Tuesday, July 3, 2018

Nordic countries sledding down the climate curve

Nordic countries took the energy crisis in the 1970's to heart and have since been working to switch to renewables. Of course, they're still pumping oil from the North Sea; it's a transitional process.  But as a result of these efforts, while their GDP is up 28% since 2000 (better than Germany), their greenhouse gas emissions are DOWN 18 percent.

Just a taste of the latest milestones: In Norway, more than half of all new car sales are electric or hybrid models, just as entire fleets of ferries that run on batteries are being produced. Last year, Denmark set the world record for a wind-powered economy, generating 43% of electricity from wind power. The Swedes and Finns are paving the way in producing biogas from waste and vegetation and turning it into fuel for heating and automobile engines. Iceland and Norway already run on renewable energy, so abundant are their geothermal and hydro resources, respectively.

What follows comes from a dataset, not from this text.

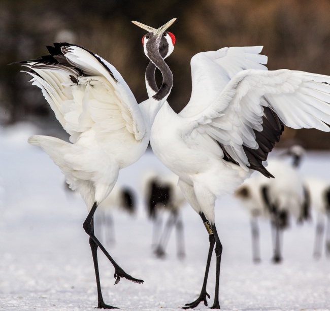 Ухаживания журавлей - это целый захватывающий ритуал. Тут и подпрыгивания с небольшими перебежками, и хлопанья крыльями с наклонами и пританцовываниями, и подбрасывания пучков травы вверх. В завершение состоявшаяся пара "закрепляет результат" совместным пением. И продолжает до тех пор, пока не начинает петь в унисон. Пожалуй, такое музыкальное единение среди людей можно встретить только в диснеевских фильмах.

Copenhagen, Denmark's capital, is one of Europe's smartest cities, or low-carbon sustainable cities; two-thirds of its residents cycle to work, while only 9% drive cars. There are 233 miles of bike path, and the city is continuing to expand the routes and bridges for cyclists. In few other big cities is the downtown air so clean, which lands Copenhagen among the world's most livable cities year in, year out.